The International Relations Department was responsible for preparing Politburo decisions that concerned foreign policy issues and to control their implementation. As department head, Sieber met foreign leaders, especially leaders of other communist parties and national liberation movements such as SWAPO president Sam Nujoma. Sieber's tenure coincided with an increased involvement of the SED in Africa, particularly Zimbabwe. Among other things, the SED supported the merger of ZAPU and ZANU, Sieber also signing a SED-ZANU cooperation agreement in April 1988 in Harare.
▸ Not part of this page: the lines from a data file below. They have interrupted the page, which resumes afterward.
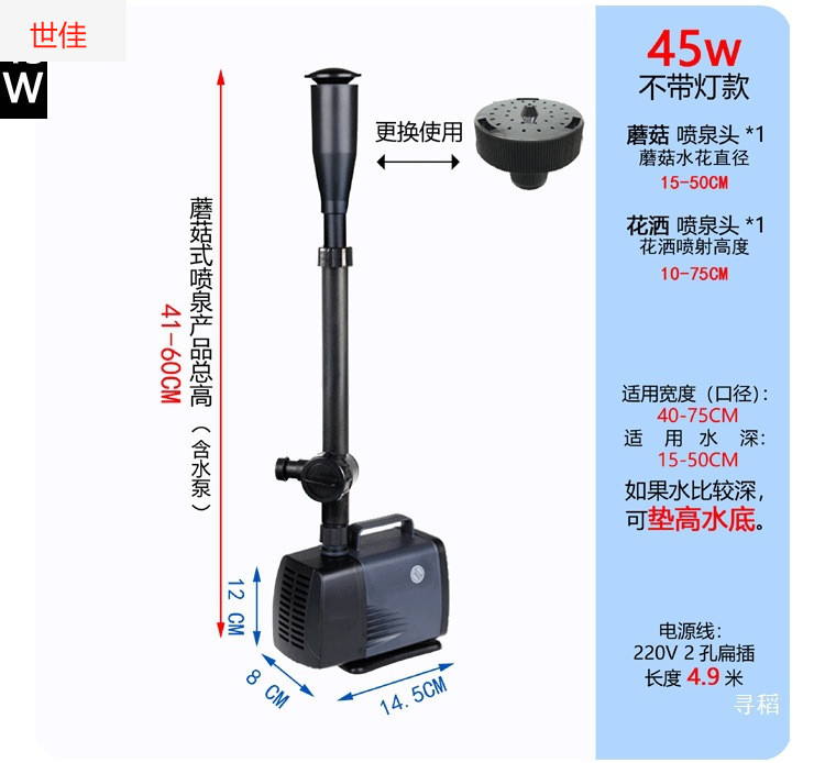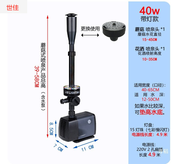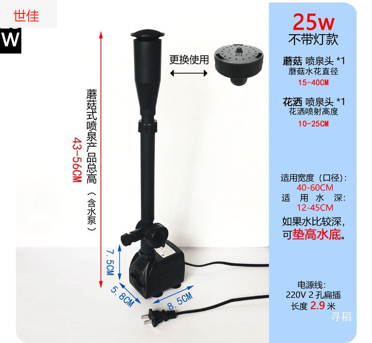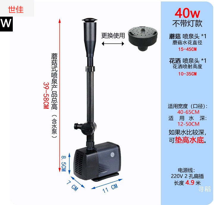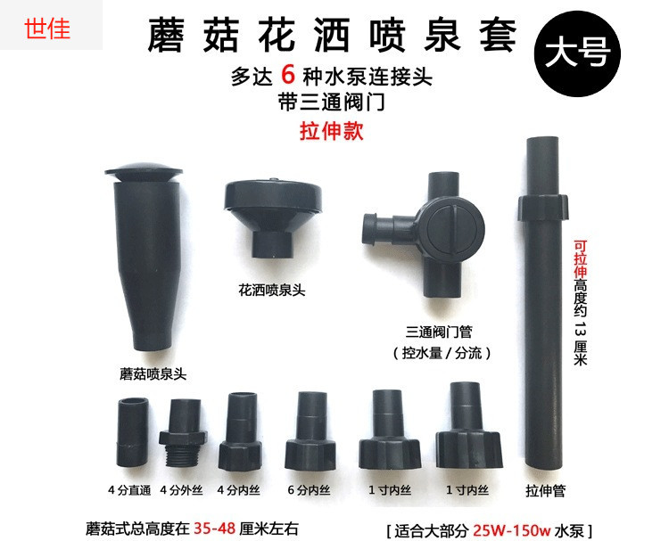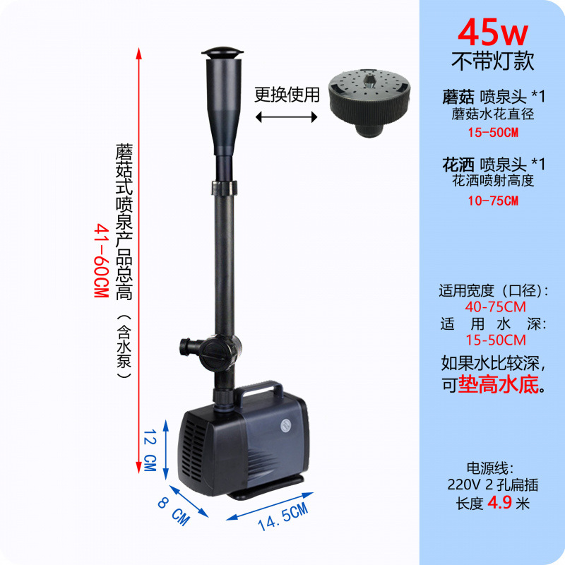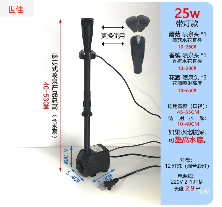 • 25W 워터 펌프(조명 포함) + 스트레치 분수 파이프 커버 소형 + 소형 램프 링 - 높이 40- 53cm
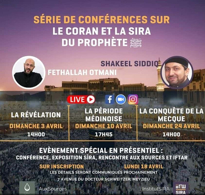 Toujours à Lyon, une série de conférences sera donnée le 18 avril avec Shakeel Siddiq et Fethallah Otmani les dimanche 3, 10 et 14 avril sur le Prophète (PBDSL). Toutes les informations sont disponibles sur l’affiche ci-dessous.
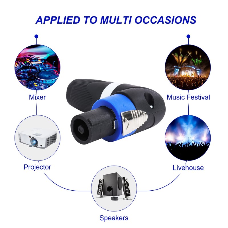 - 【 Amplifier to Speaker Connection 】 SpeakOn adapter is commonly used for high current demands of amplifier to loudspeaker to enhance the audio quality. It carries higher capacity of electrical current which is a better experience of audio hitting into the audience's ears.
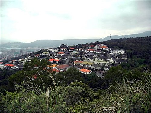 駐足於此,對照山腳下擁擠的北投市容,左前方沿山坡而建的威靈頓山莊顯得特別清幽,白牆紅瓦在山色襯映之下更是醒目。

According to Manfred Uschner, personal assistant to Hermann Axen, the Central Committee Secretary responsible for the International Relations Department, Sieber's sturdiness and experience meant that he had an easier time working with the often choleric Axen compared to his more sensitive predecessor Winkelmann. Uschner also notes Sieber's sarcastic and self-ironic tendencies and praises his efforts to keep alive the comparatively open atmosphere of the department the late department head Paul Markowski was known for cultivating.

===Response to martial law in Poland===
On 12 December 1981, shortly before midnight, martial law was declared in Poland to crackdown on the growing opposition movement, especially the Solidarność trade union. When Sieber was informed by the East German embassy in Warsaw, he first called defence minister Heinz Hoffmann and Stasi head Erich Mielke, but both of them thought it was a hoax, expecting to have been informed beforehand.
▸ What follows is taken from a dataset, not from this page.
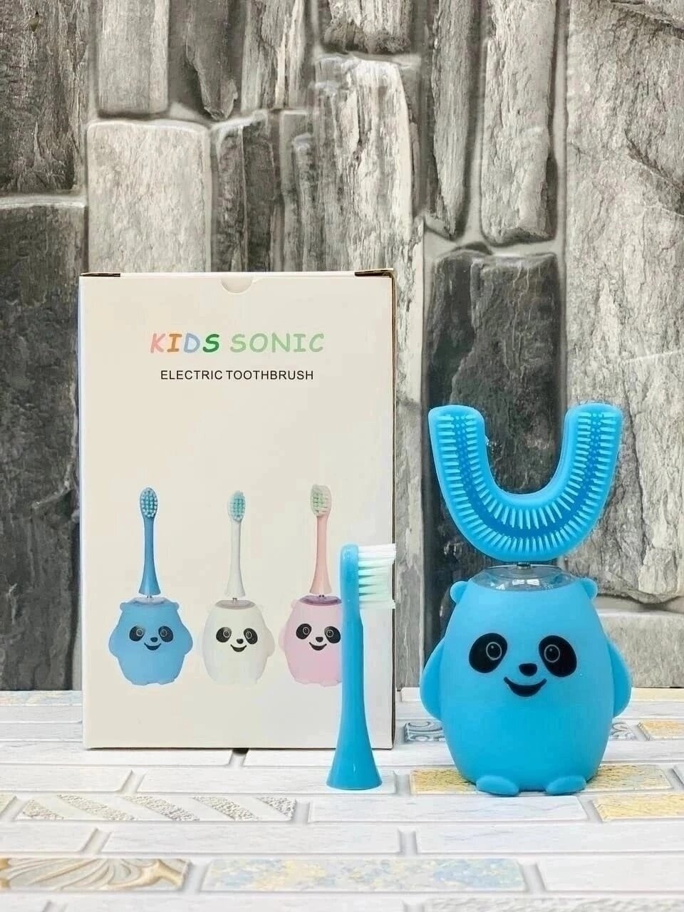Электрическая U-образная зубная щетка, 2 насадки панда, ультразвуковая щетка, для детей. Синий

Sieber then attempted to call Erich Honecker directly but was unable to do so as he had taken a sleeping pill after meeting with West German Chancellor Helmut Schmidt at Lake Werbellin. On his own and in what he later described as his "only power grab", Sieber convened a meeting of the Politburo at 3 a.m. to discuss the situation. He had already sent an Interflug plane to evacuate East German citizens, including 90 children, from Warsaw.

===Peaceful Revolution===
On 8 November 1989, on the eve of the fall of the Berlin Wall, Sieber rose to the Politburo of the Central Committee of the SED, the de facto highest leadership body in East Germany, as a candidate member. He was additionally elected as a Secretary of the Central Committee, responsible for his own former International Relations Department and the International Politics and Economics Department, succeeding retiring Hermann Axen. Sieber had just returned home when the Berlin Wall fell. Concerned about the foreign relations ramifications, he reached out to General Secretary Egon Krenz and Hans-Joachim Willerding, but neither one of them was able to explain what was going on.

Sieber's career advancement would prove to be short-lived, as the SED quickly lost power. At its last session on 3 December 1989, the Central Committee elected Sieber to a commission tasked with analyzing the causes of the crisis in the SED and in society. He remained a member of the Volkskammer until its first free and fair elections in 1990, going into early retirement afterwards.

== Death ==
He died on 26 November 2006 at age 76 in Strausberg, the former seat of much of the East German military establishment.